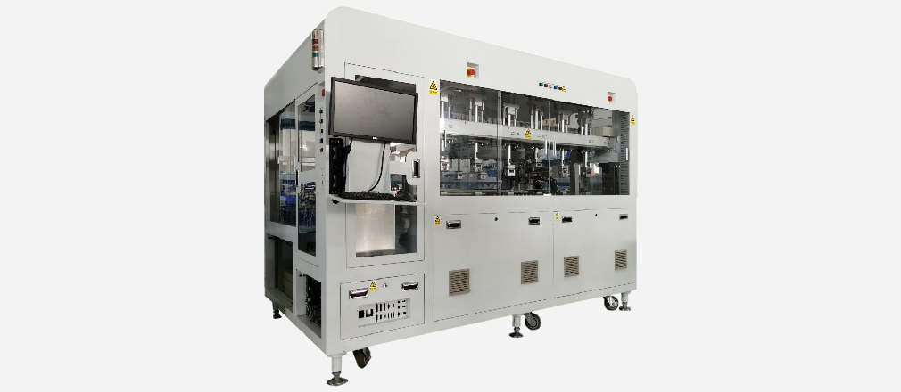 是我司自主研发、制造的高性能、高稳定性、高产出的系统级平移式测试分选机。人工将装有IC的JEDEC Tray放入到设备里,设备作业时会通过移载吸取模组,将IC从Tray上吸取,放置到设备的测试基座里进行测试。测试的环境有常温、高温、低温。待测试完成后,根据测试结果将IC放置到OK或NG的Tray上。人工取出Tray。
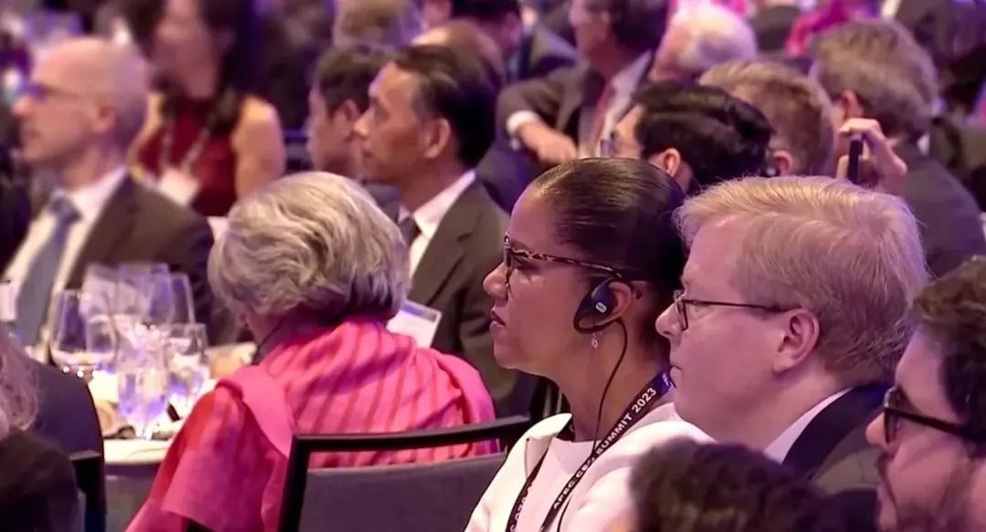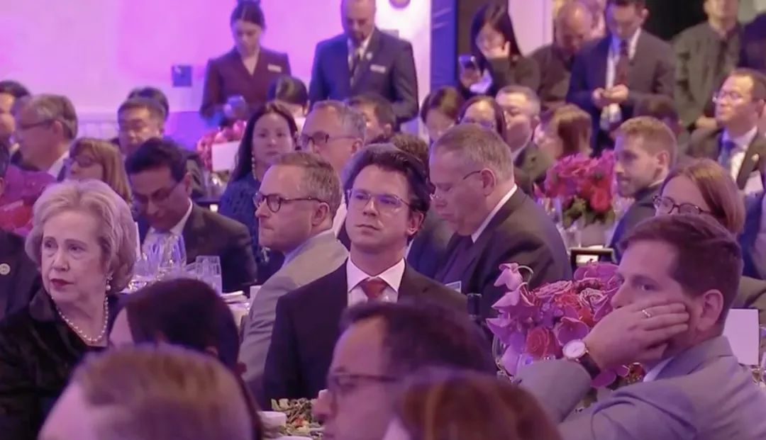△當(dāng)?shù)貢r(shí)間11月15日晚,習(xí)近平主席在美國友好團(tuán)體聯(lián)合歡迎宴會(huì)上發(fā)表演講。圖為參加宴會(huì)的人士認(rèn)真聆聽演講。
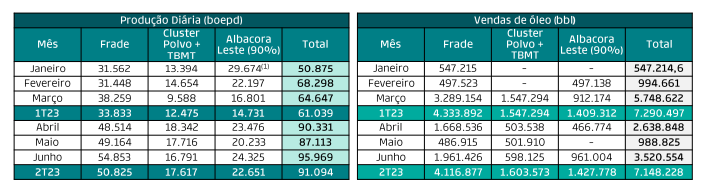 (1) Os dados de Albacora Leste no mês de janeiro referem-se à 90% de participação da PRIO no campo, considerando a produção ao longo de todo o mês. Dado que o closing da aquisição ocorreu em 26 de janeiro de 2023, o campo contribuiu proporcionalmente com 5.919 barris por dia ao longo do mês de janeiro.

### Required work
Transcribe the listing word for word, but keep its pictures out of the copy.

### Answer
 是我司自主研发、制造的高性能、高稳定性、高产出的系统级平移式测试分选机。人工将装有IC的JEDEC Tray放入到设备里,设备作业时会通过移载吸取模组,将IC从Tray上吸取,放置到设备的测试基座里进行测试。测试的环境有常温、高温、低温。待测试完成后,根据测试结果将IC放置到OK或NG的Tray上。人工取出Tray。
△當(dāng)?shù)貢r(shí)間11月15日晚,習(xí)近平主席在美國友好團(tuán)體聯(lián)合歡迎宴會(huì)上發(fā)表演講。圖為參加宴會(huì)的人士認(rèn)真聆聽演講。
 (1) Os dados de Albacora Leste no mês de janeiro referem-se à 90% de participação da PRIO no campo, considerando a produção ao longo de todo o mês. Dado que o closing da aquisição ocorreu em 26 de janeiro de 2023, o campo contribuiu proporcionalmente com 5.919 barris por dia ao longo do mês de janeiro.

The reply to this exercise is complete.